When running a campaign, you see the data coming in every minute, it’s confirming your assumptions and you desperately want to call a winner and implement your new brilliant learnings.

But, not so fast…

It’s easy to get caught up in the excitement of testing, but it’s very important to ensure that the campaign has reached confidence.  Adobe® Test&Target™ provides confidence levels and confidence intervals for each experience to use as a helpful guide.

Willy Wonka

When you view reports in Test&Target, you select what cell should be used as the Control.  All Challengers are measured against that Control.  You’ll be able to evaluate the lift provided to conversion rate, average order value, revenue per visit and/or sales (our examples will focus on conversion rate).  The report will show the metric data, the lift percentage and the confidence indicator in an emphasized box for easy evaluation.

Reporting

The confidence level is displayed as a bar chart in the confidence column of the campaign report.  There are four bars that indicate the level of confidence the experience has achieved.  The more bars, the higher the confidence.  To see the exact confidence level, just hover over the bar chart. The confidence level is higher when the data proves that the results are repeatable and were not a fluke.

Confidence Level

Here’s where it gets tricky… A high confidence level alone in lift does not necessarily mean you should pull the trigger for the winning experience.  For example, if a campaign has just launched and has received only 25 conversions – the confidence level for one experience may show 90%+.  However, a total of 25 data points does not provide a clear picture of how this test will perform long-term.  In general, 100 conversion points per experience and running the test for at least a week is our recommendation.   So, what’s a conversion expert to do?

That’s where confidence intervals come in!

Confidence Interval

The confidence interval is the range that the confidence level refers to.   It’s very important for conversion experts to get into the habit of monitoring the confidence level in relation to the confidence interval.  You can do so by practicing the exercise of saying “we are __% confident that the conversion rate will be __% to __%” if this test is repeated (you can substitute any other metric).  If it sounds ridiculous, it probably is.  Meaning that if the range is incredibly wide or includes a negative number, the information really isn’t that useful and the test should continue to run to obtain more data points.

An ideal confidence interval range is small, with no overlap among experiences.  How do you achieve this?  Larger data sets, which are provided over time.

Think you’re ready to analyze a test?  Give it a try!  (See answers below.)

Problem to Solve

1. What is the confidence level?

2. What is the confidence interval?

3. How many total conversions are there?

4. Is there a clear winner?  If not / If so, why?

It’s easy to get caught up in the excitement of testing, but it is important to look at the whole picture before declaring a winner.   Don’t go all Veruca Salt, “but, I want it nowwww.” Trust us, good data is worth the wait!!

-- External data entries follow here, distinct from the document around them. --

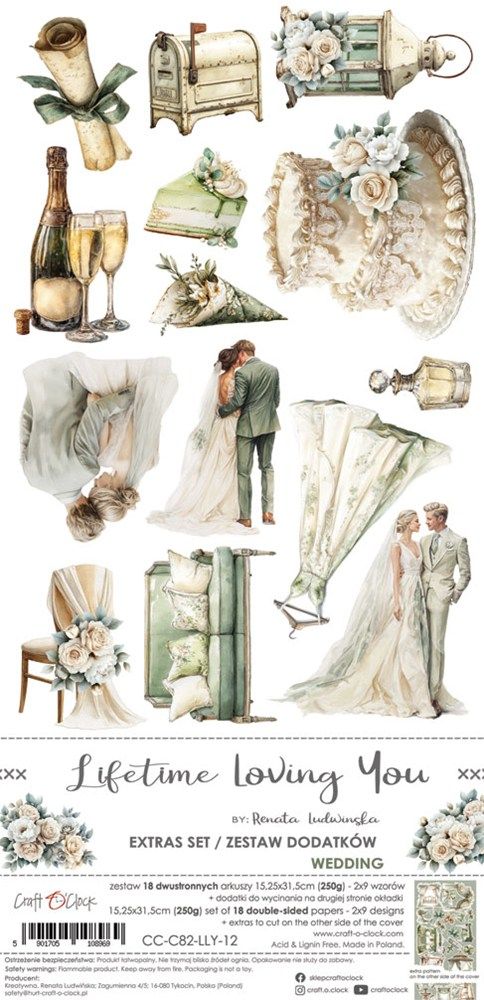 Ensemble de 18 feuilles, 15x30cm, collection : Lifetime Loving You, Craft O Clock, 250g
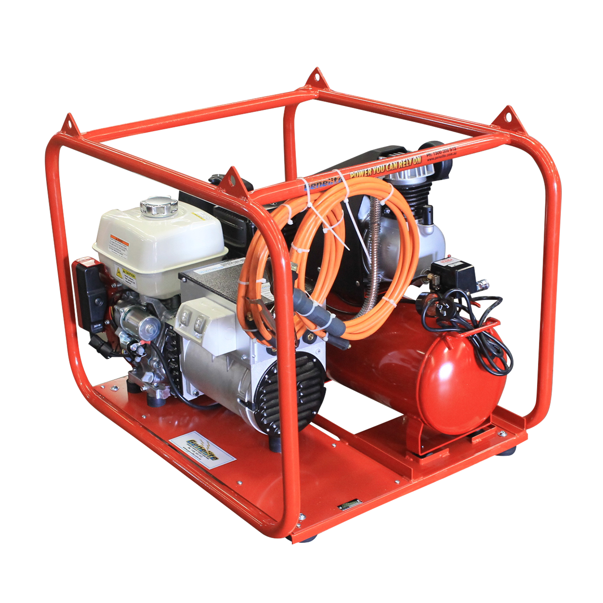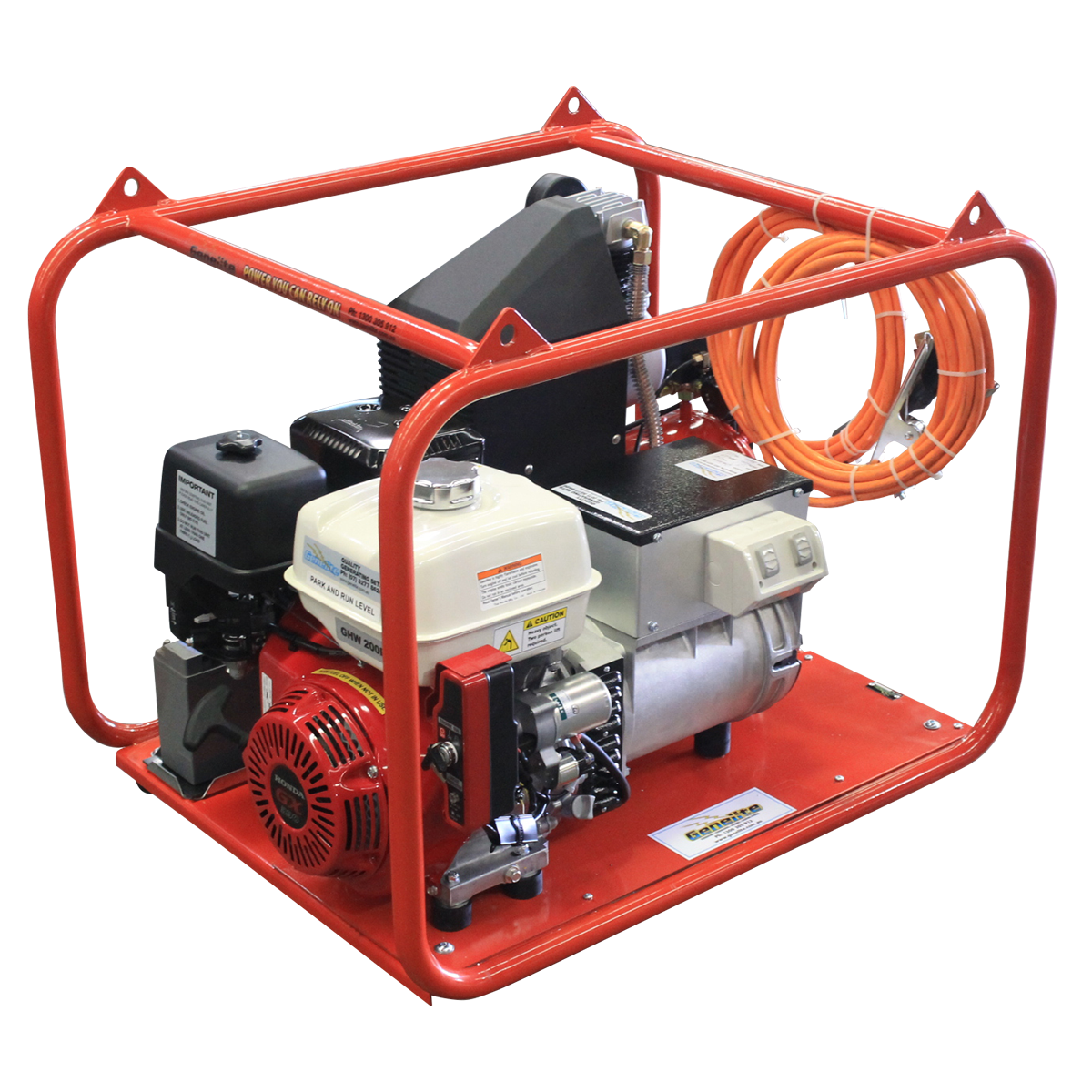 The Honda GX390E Welder is designed for welding and metal fabrication work, featuring a reliable Honda GX 390 engine with low oil protection and heavy-duty anti-vibration mounts. Ideal for construction and industrial sites, this welder ensures optimal performance and safety, making it a perfect choice for maintenance and repair workshops.
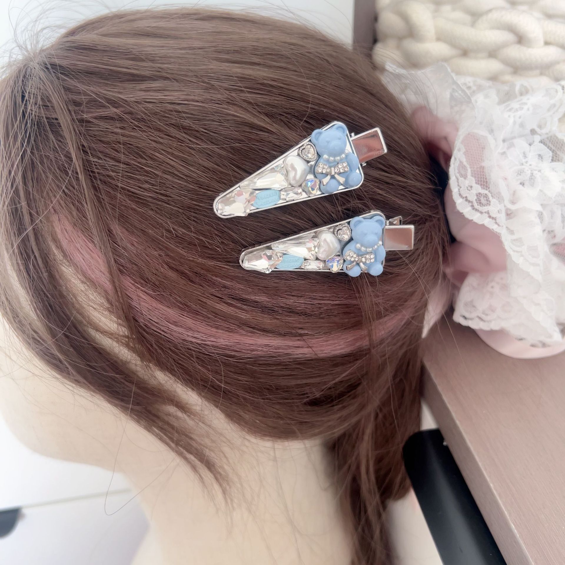 한국 스타일 절묘한 고급 사랑 라인스톤 달콤한 곰 헤어핀 우아한 올 매치 덕빌 클립 깨진 헤어핀 헤어 액세서리스토어 가기
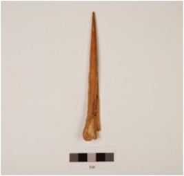 | Description / विवरण | A point made on bone with rectangular in cross section, polished surface and slightly broken tip. |
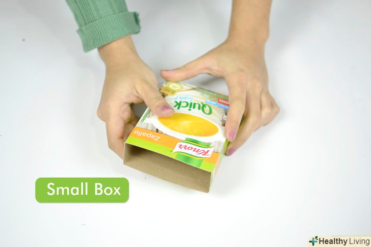 Знайдіть невелику плоску коробку. спробуйте взяти плоску пакувальну коробку від будь-яких харчових продуктів. Зріжте верхні клапани коробки і вирівняйте її сторони зверху. [4]- Якщо коробка занадто висока, обріжте її зверху до потрібної висоти.
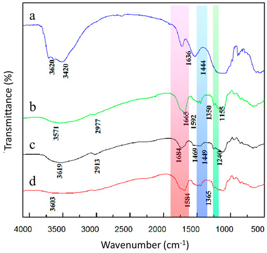 FTIR spectra: (a) APT; (b) APT−starch−lignin; (c) PAM−APT−lignin; and (d) PAM−APT−starch−lignin.

Brought to you by Brooks Bell’s very own Suzi Tripp and Naoshi Yamauchi!

 

 

 

Answers:

1. What is the confidence level?  95.79%

2. What is the confidence interval?  -4.74% to 37.6%

3. How many total conversions are there?  826

4. Is this test ready to call?  If not / If so, why?  No, because the confidence interval is too wide.  You never want to call a winner with an interval that includes a negative number.